Highways could one day transport electricity and hydrogen fuel, as well as enabling vehicles to travel at nearly 500 miles per hour, according to a new study. The setup would combine three green technologies into one piece of infrastructure, making each one financially more feasible.
The system is a twist on maglev transportation, in which cars containing superconducting material are suspended over a magnetic guideway. Maglev systems transport vehicles frictionlessly, but are very expensive.
Superconductors can also conduct electricity highly efficiently, without any loss of power along the way. But superconductor transmission lines are extremely costly because they only work at temperatures more than 100 degrees below zero.
Meanwhile hydrogen is a promising green fuel source, but it’s difficult to transport because it’s a gas at room temperature, and liquid hydrogen pipelines are expensive because of the cooling required.
In the new study, researchers propose flipping the conventional design of maglev systems upside down with magnetic vehicles suspended over a superconducting guideway, a setup they dub SClev.
This tweak enables the system to serve three functions, with a superconducting electricity transmission line cooled by a liquid hydrogen pipeline and a highway for levitated vehicles over top. “In order to have the electrical power transmission and storage capability, the superconductor has to be on the road, which led me to flip them,” says study team member Zhifeng Ren, a physicist at the University of Houston in Texas.
In turn, the combination of functions makes the cost more tenable, Ren and his collaborators argue in a paper published in the journal APL Energy.

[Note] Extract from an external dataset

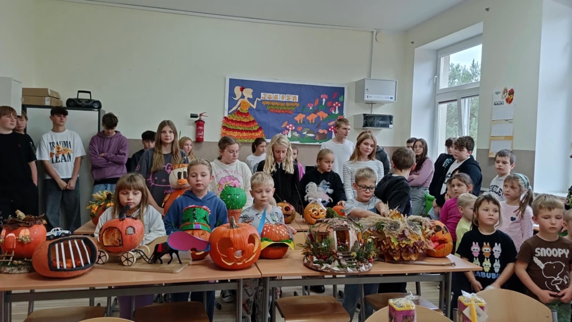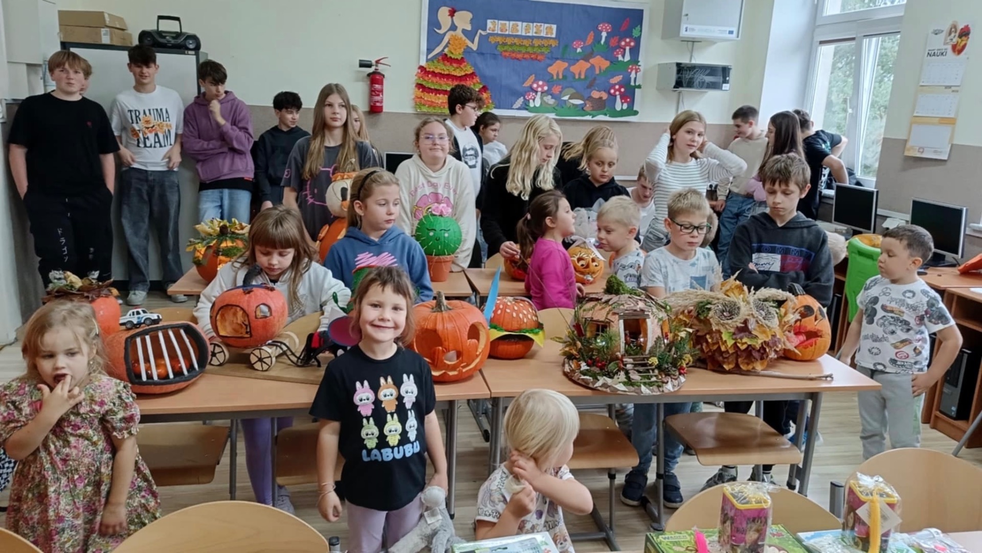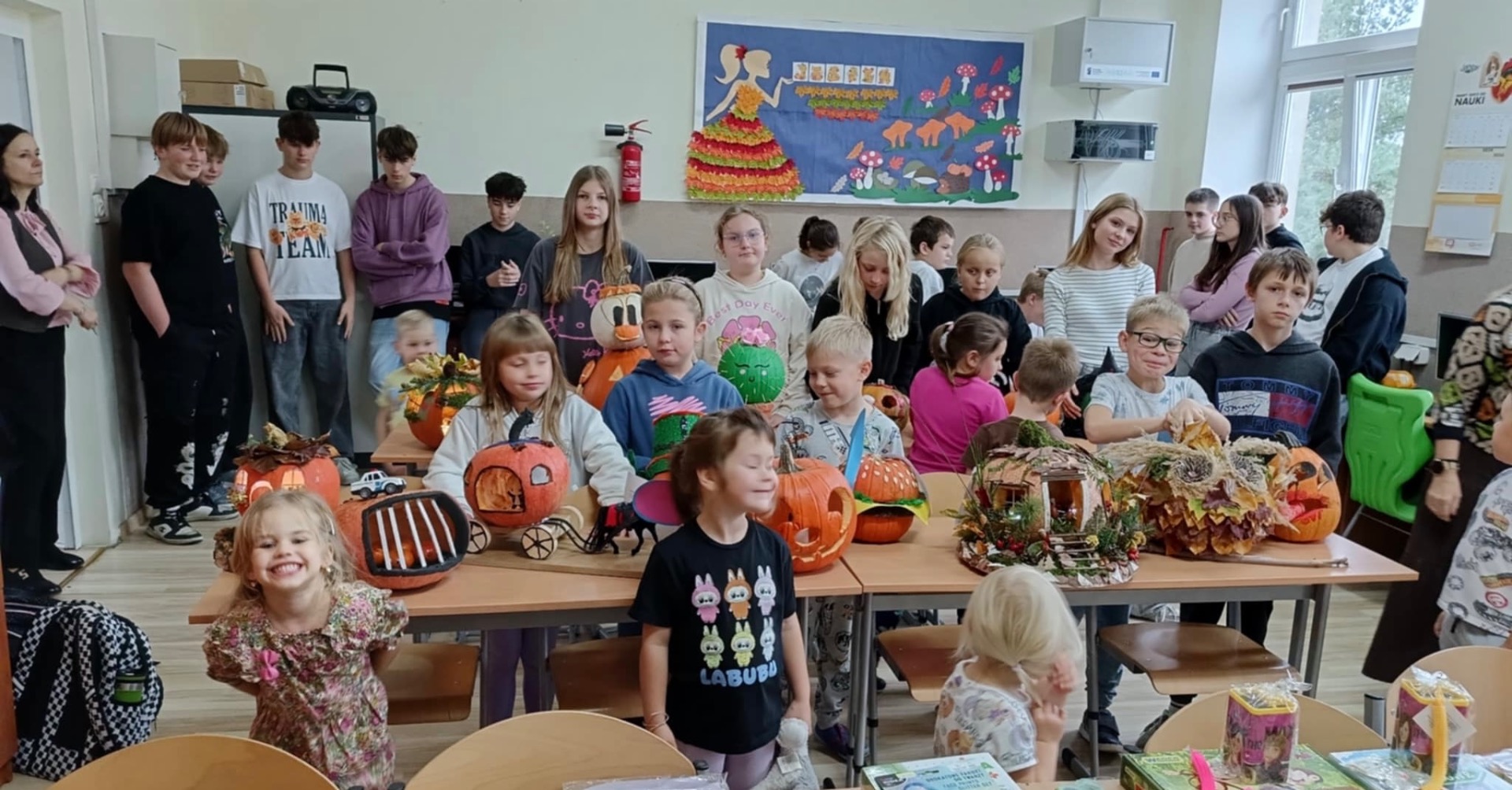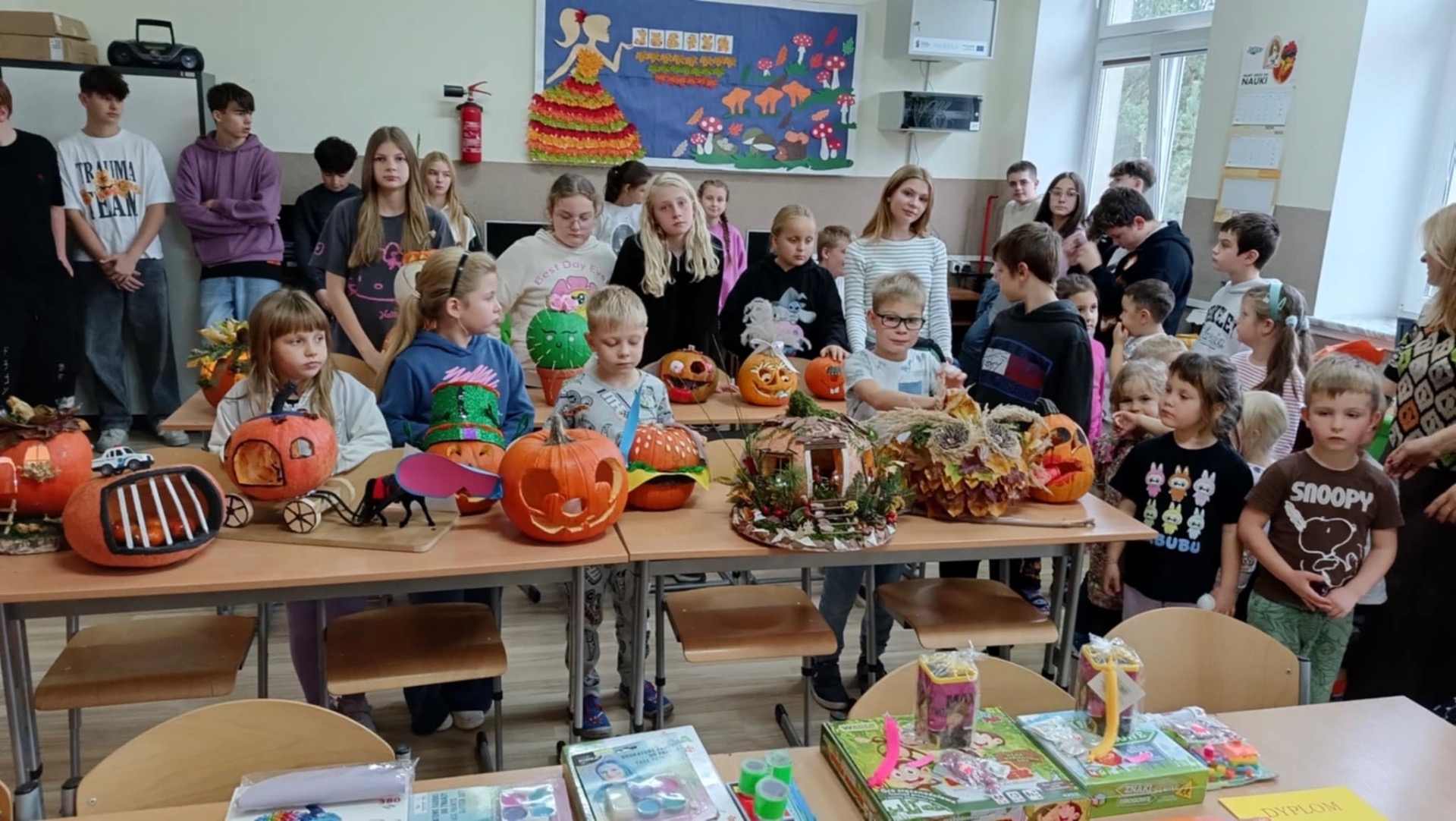 30 października 2025r. nastąpiło rozstrzygnięcie konkursu, na który wpłynęło 16 prac. Dzieci przygotowywały dynie wraz z rodzicami w domu. Wszystkie przyniesione do szkoły dynie prezentowały się rewelacyjnie! Nie brakowało różnorodnych pomysłów, od dyniowej kaczki, po czarownice, postacie z bajek, karoce, zwierzątka leśne, domki…
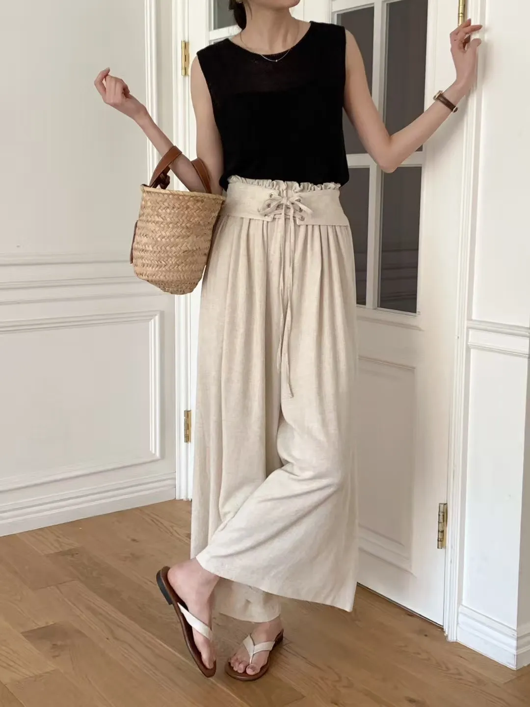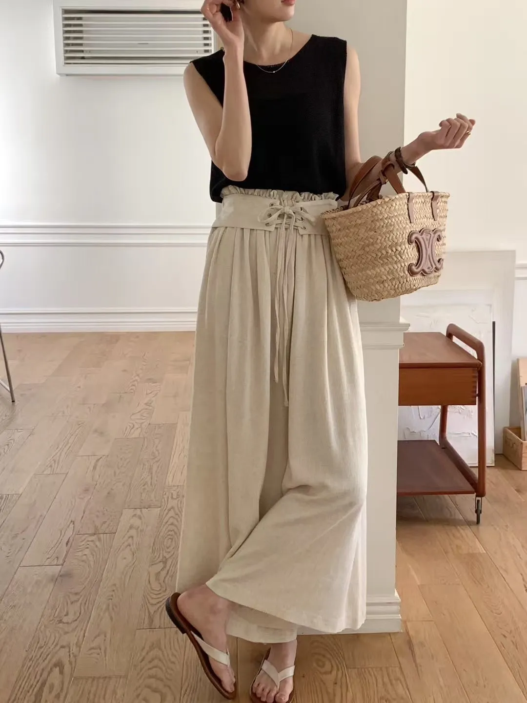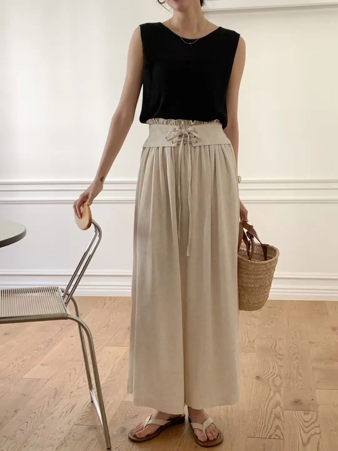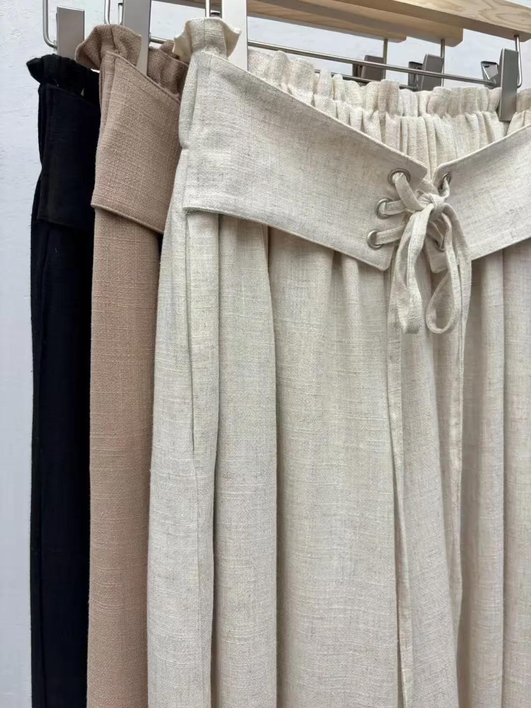 縲縈+亞麻 有內裡 後腰鬆緊 空間友善 腰封遮腹 XL友善

The researchers built a miniature SClev system in which they ran a matchbox-car-sized magnetic vehicle along a superconducting guideway about three-quarters of a meter long. This enabled them to show that magnets can levitate above superconductors just as superconductors can levitate above magnets – a key technical requirement of the system that hadn’t been demonstrated before.
They used liquid nitrogen to cool the superconductor in their laboratory model for the sake of convenience, but say that liquid hydrogen in the eventual full-scale system would be even more effective because it would provide an even greater levitating force.
The researchers envision retrofitting current highways with the technology, so that it could be rolled out without further need to acquire land. People could drive on the system with passenger or freight vehicles equipped with dual motors (a specialized motor for the superconducting highway and a standard motor for navigating surface streets at either end), or magnetic platforms could be used to transport standard vehicles.
Vehicles could travel the highway at speeds of 500 to 800 kilometers (nearly 500 miles) per hour. That’s almost as fast as big commercial airplanes, and could replace much passenger air travel and airborne freight transport, the researchers predict – especially because if comes without the need to adhere to fixed schedules or the rest of the airport rigamarole.
The system represents a dramatic departure from current transportation and energy transport and storage methods, but Ren is bullish on its potential. “I do not see any big questions on the technology unanswered, but more on the financial support,” he says. “I hope to see either government or private investment to start a real project to demonstrate actual installation of the concept.”